We take an iterative or evolutionary view of our web site: because our needs will change over time, new modules and services must be added to the site. This will provide more and better choices to visitors to the site, and more answers to their spatial analysis needs. We anticipate increasing quality in each module with time - as we teach from a module, or as we get feedback from other users, we will incorporate the changes in our site. We hope that friends of the site will also provide additional modules.
Module development is thus continuous: we are in the process of improving modules by adding on-line quizzes, which permit students to test themselves on their assimilation of the material. Modules are being redesigned to allow the student to dig progressively deeper into the concepts, with a range of treatment from the superficial to the profound. Furthermore, in addition to improving old modules, we are developing new modules, giving teachers a wider choice of materials to include in their own courses. More student-inspired modules will be created (based on their needs), as we continue to expand the range of projects attempted, and analyses indicated. This will go hand-in-hand with an expansion of the range of presentations on the web, which will provide grist for the mills of students seeking to explore and analyze their own data in new and spatial/temporal ways.

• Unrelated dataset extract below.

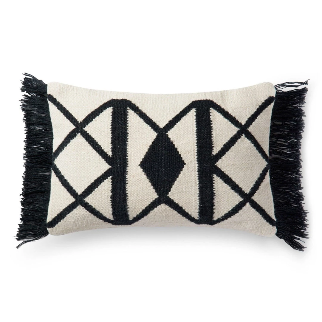 Toss in some texture, indoors or out. Made entirely from recycled polyester PET Yarn, Theses outdoor-friendly throw pillows features a high-contrast graphic pattern and fringe for flair.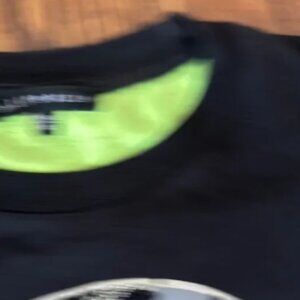 Black t-shirt featuring a striking skull design. Perfect for casual wear.

As an example of a new module developing in response to formerly unmet needs, we are creating a module concerning Hierarchical spatial models; it is being developed with GeoMed Consultant Dr. Dan Griffith, of Syracuse University. As an example of a new service, we are developing an on-line math tutor - an on-line resource to mathematics that epidemiologists and public health professionals find essential. One of the most serious skills lacking in our pool of students was mathematical sophistication, and we seek to address that need.
In the meantime, we approach the next year with a complete course in hand, one which will evolve with us as we increase our own knowledge and as we seek to ``...provide students with the knowledge, theory, and methodological skills for analyzing and interpreting the spatial patterns of various diseases in order to elucidate underlying exposure processes giving rise to the observed patterns.'' In this late stage of our grant we hope to begin increasing our distribution of the materials and the site. It is our great hope that many others will find our site worthy of a visit, and perhaps even an extended stay, as the richness of the site continues to grow.